Pennsylvania Commerce, a $1.9 billion-asset company, said in a regulatory filing Friday that the Office of the Comptroller of the Currency is conducting an investigation into real estate dealings, its officers and directors and companies they control, as well as "current and former officers and directors of Commerce Bank," the bank subsidiary of Commerce Bancorp.
The OCC's probe follows the ouster this summer of Vernon Hill, founder and long-time chairman and chief executive of Commerce Bancorp, after the OCC challenged insider party transactions at the company.
Commerce Bancorp was ordered to sever ties with InterArch Inc., a firm owned my Mr. Hill's wife Shirley that designs Commerce - and Pennsylvania Commerce - branches. Regulators also ordered Commerce Bancorp to resolve its relationship with real estate firms controlled by Mr. Hill's family that owned branches Commerce Bancorp operates.
Commerce Bancorp and Pennsylvania Commerce's relationship dates back to 1985 and the latter company's founding.
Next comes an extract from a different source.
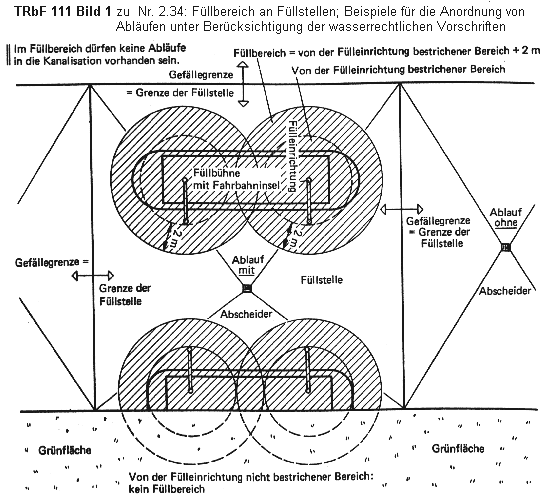 Für die Prüfpflicht von Anlagen mit oberirdischen Behältern nach den wasserrechtlichen Vorschriften ( WHG, VAwS) ist der Gesamtrauminhalt aller in einer Anlage funktionsmäßig zusammengefaßten Behälter maßgebend. 3) Werden sowohl brennbare Flüssigkeiten der Gefahrklasse a I als auch solche der Gefahrklassen a II oder B gelagert, so wird die maßgebliche Gesamtlagermenge nach TRbF 110 Nr. 2.2 Abs. 1 ermittelt. 4) Werden brennbare Flüssigkeiten sowohl in zerbrechlichen Gefäßen als auch in sonstigen Behältern gelagert, so wird die maßgebliche Lagermenge nach TRbF 110 Nr. 2.2 Abs. 3 ermittelt. 5) Von der Prüfpflicht werden auch zugehörige Lagerbehälter und Rohrleitungen erfaßt, soweit diese nicht bereits der Prüfpflicht nach einer anderen "lfd. Nr." unterliegen. Als zugehörig gelten nur Behälter und Rohrleitungen, soweit sie sich bei Füllstellen in Räumen innerhalb dieser Räume und bei Füllstellen im Freien innerhalb der Füllstelle (siehe Bild 1 zu TRbF 111) befinden. 6) Einschließlich der Rohrleitungen zwischen Lagertank und Hydrantenanschluß. 7) Nur Tankstellen mit unterirdischen Tanks oder Rohrleitungen oder mit oberirdischen Tanks mit einem Gesamtrauminhalt über 40.000 Liter. |

In effect Pennsylvania Commerce was a franchise of Commerce covering a 34-county territory in central and southern Pennsylvania. And Mr. Hill, who still operates a number of Burger King franchises and sought to recreate a retail-store experience in banking, had held a vice chair role at the Harrisburg company until 2002. The smaller bank's 32 branches, marketing, and website look virtually identical to those of Commerce Bancorp., which provides back-office support, including technology and computer network maintenance.
Commerce Bancorp owns 10.84% of Pennsylvania Commerce, though a spokesman for the smaller company stressed that it "is, and has always been, independent of Commerce Bancorp." He declined to comment beyond the SEC filing and the OCC declined to comment. The larger Commerce did not return calls.
"It is a unique relationship," said Joseph Fenech, an analyst with Sandler O'Neill & Partners LP.
Observers said it is unclear what exactly the OCC is looking into at Pennsylvania Commerce, but suggest that it may be examining whether Commerce Bancorp's problems spilled over to Pennsylvania Commerce.
"We thought that [Pennsylvania Commerce] was not ensnared in some of the issues of the 'larger Commerce,' but it appears that they are," said Mr. Fenech said.
Christopher Whalen, the managing director of Institutional Risk Analytics, said that given the two companies' close relationship and former management ties, it was only a matter of time until the trail of the OCC's investigation into Commerce Bancorp would lead them to Pennsylvania Commerce.
In its proxy statement published in May, Pennsylvania Commerce disclosed that its own chairman and CEO Gary L. Nalbandian is also the vice president and treasurer NAI/Commercial-Industrial Realty Co. That firm helps the bank "identify sites" for new branches, according to the proxy, and it received commissions "from independent third parties related to real estate transactions conducted on behalf of the bank." But the proxy said, "Mr. Nalbandian received no financial benefit from such commissions."
Further, Pennsylvania Commerce director Howell C. Mette owns a 10% stake in the law firm of Mette, Evans & Woodside, "which Commerce retained during 2006, and intends to retain during 2007," according to the proxy. Meanwhile, Pennsylvania Commerce has an existing written agreement with the OCC to improve its risk management, internal audit, consumer compliance, and bank secrecy compliance. The spokesman for the company would not provide an update of those issues Friday.